Items from a data source
►
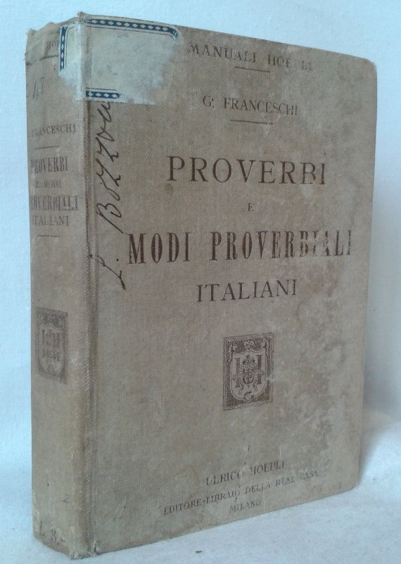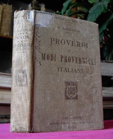 Volume in 12, legatura in tela editoriale impressa, taglio colorato, titolo al piatto ed al dorso, sguardie, occhiello, frontespizio, prefazione, indice, XIX, 380 pp., ulteriori 64 pp. di elenco dei Manuali Hoepli. Interessante e piacevolissima raccolta di proverbi e motti italiani, classificati secondo il soggetto o l'azione. 'Un tesoro di lingua viva e schietta, una raccolta di utili insegnamenti alla portata di tutti'. Prima edizione in pi che buono stato.
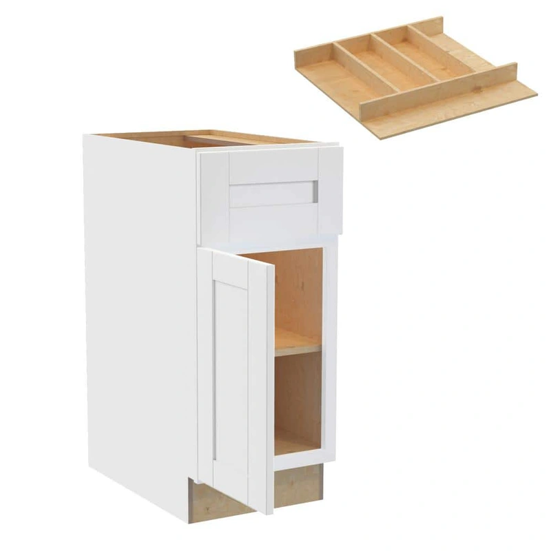 Elevate your kitchen with the Washington Vesper White Shaker Base Cabinet from Home Decorators Collection. Embodying timeless shaker design with modern functionality, it features soft-close doors and a utility tray for seamless organization. Constructed with durable CARB II compliant plywood, this cabinet promises both style and substance.
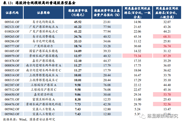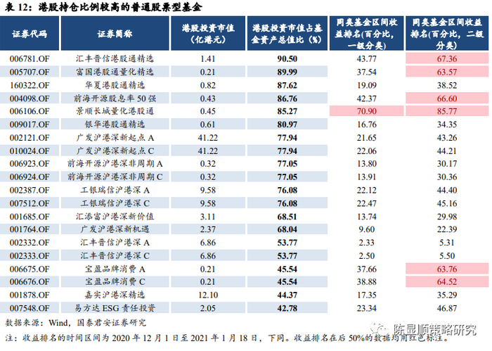 从持仓港股比例最高的 20 只普通股票型基金来看,12 月初以来收益靠前。20 只港股高持仓基金中,共有19只基金在股票型基金中排名前50%之内,共有14只基金在普通股票型基金中排名前 50%之内。
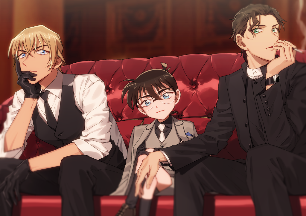 3boys akai_shuuichi amuro_tooru black-framed_eyewear black_gloves black_hair black_jacket black_neckwear black_pants black_shirt black_socks black_vest blonde_hair blue_eyes blurry blurry_background brown_footwear brown_hair buttons child cigarette closed_mouth collared_shirt commentary_request couch crossed_legs edogawa_conan feet_out_of_frame glasses gloves green_eyes grey_neckwear grey_vest hair_between_eyes hand_on_own_chin hand_on_own_face holding holding_cigarette indoors jacket jacket_on_shoulders k_(gear_labo) kneehighs long_sleeves looking_at_viewer male_focus meitantei_conan multiple_boys necktie on_couch open_clothes open_jacket open_mouth pants serious shirt shoes short_hair sitting sleeves_rolled_up smoke smoking socks vest watch white_shirt wristwatch
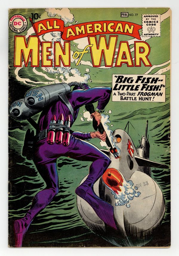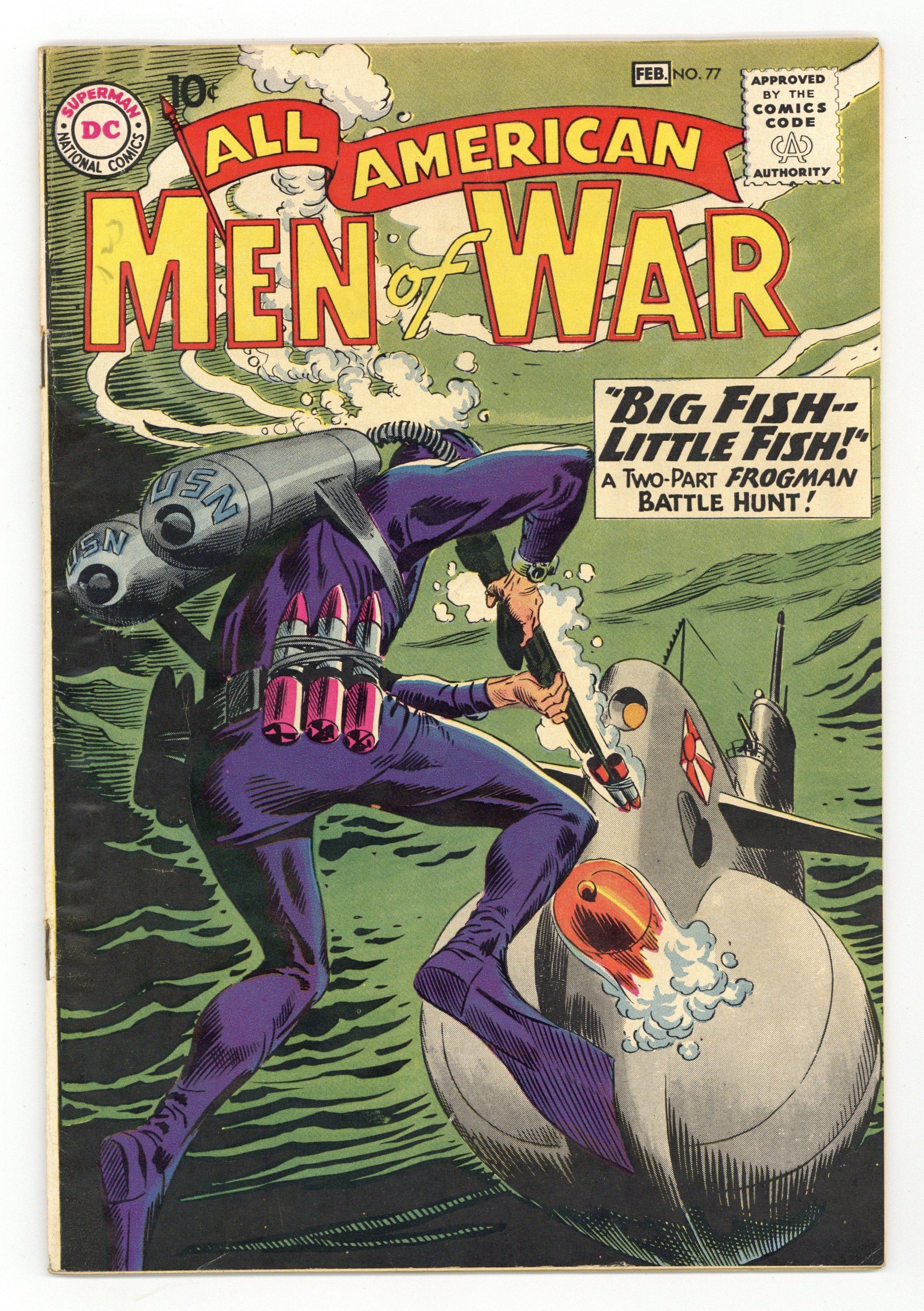 Edited by Robert Kanigher. Cover by Joe Kubert. Stories by Robert Kanigher, Irv Novick, Morris Waldinger, Tom Nicolisi, Bob Haney, Bill Everett, Hank Chapman, Mort Drucker. Adventure tales of war and the military, including some humor—go into combat with All American Men of War! 36 Pages, Full Color. Cover price $0.10.
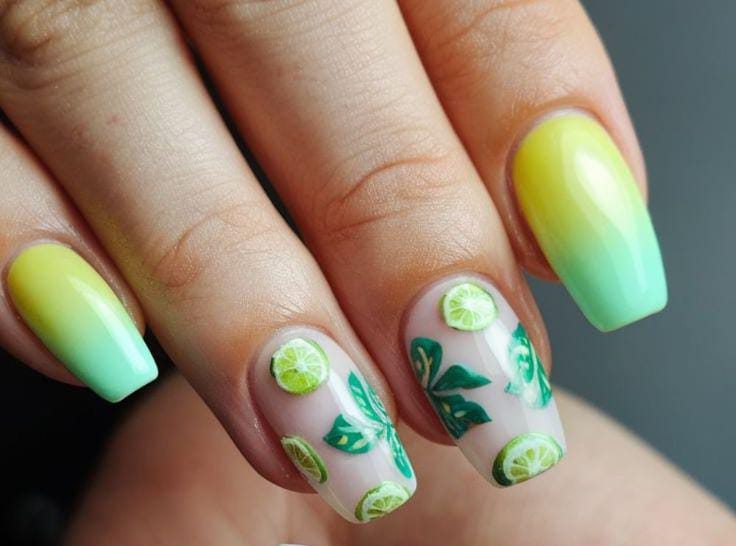 A lively mix of lime green ombre shades with lemon slice nude nail art and tiny droplet details. The vibe is zesty, energetic, and refreshing—perfect for sunny days and summer vacation moods.
◄
● **Your task**
The pictures alone are to be left out when the data above is copied; all else must match exactly.

● **Output for this exercise**
 Volume in 12, legatura in tela editoriale impressa, taglio colorato, titolo al piatto ed al dorso, sguardie, occhiello, frontespizio, prefazione, indice, XIX, 380 pp., ulteriori 64 pp. di elenco dei Manuali Hoepli. Interessante e piacevolissima raccolta di proverbi e motti italiani, classificati secondo il soggetto o l'azione. 'Un tesoro di lingua viva e schietta, una raccolta di utili insegnamenti alla portata di tutti'. Prima edizione in pi che buono stato.
 Elevate your kitchen with the Washington Vesper White Shaker Base Cabinet from Home Decorators Collection. Embodying timeless shaker design with modern functionality, it features soft-close doors and a utility tray for seamless organization. Constructed with durable CARB II compliant plywood, this cabinet promises both style and substance.
 从持仓港股比例最高的 20 只普通股票型基金来看,12 月初以来收益靠前。20 只港股高持仓基金中,共有19只基金在股票型基金中排名前50%之内,共有14只基金在普通股票型基金中排名前 50%之内。
 3boys akai_shuuichi amuro_tooru black-framed_eyewear black_gloves black_hair black_jacket black_neckwear black_pants black_shirt black_socks black_vest blonde_hair blue_eyes blurry blurry_background brown_footwear brown_hair buttons child cigarette closed_mouth collared_shirt commentary_request couch crossed_legs edogawa_conan feet_out_of_frame glasses gloves green_eyes grey_neckwear grey_vest hair_between_eyes hand_on_own_chin hand_on_own_face holding holding_cigarette indoors jacket jacket_on_shoulders k_(gear_labo) kneehighs long_sleeves looking_at_viewer male_focus meitantei_conan multiple_boys necktie on_couch open_clothes open_jacket open_mouth pants serious shirt shoes short_hair sitting sleeves_rolled_up smoke smoking socks vest watch white_shirt wristwatch
 Edited by Robert Kanigher. Cover by Joe Kubert. Stories by Robert Kanigher, Irv Novick, Morris Waldinger, Tom Nicolisi, Bob Haney, Bill Everett, Hank Chapman, Mort Drucker. Adventure tales of war and the military, including some humor—go into combat with All American Men of War! 36 Pages, Full Color. Cover price $0.10.
 A lively mix of lime green ombre shades with lemon slice nude nail art and tiny droplet details. The vibe is zesty, energetic, and refreshing—perfect for sunny days and summer vacation moods.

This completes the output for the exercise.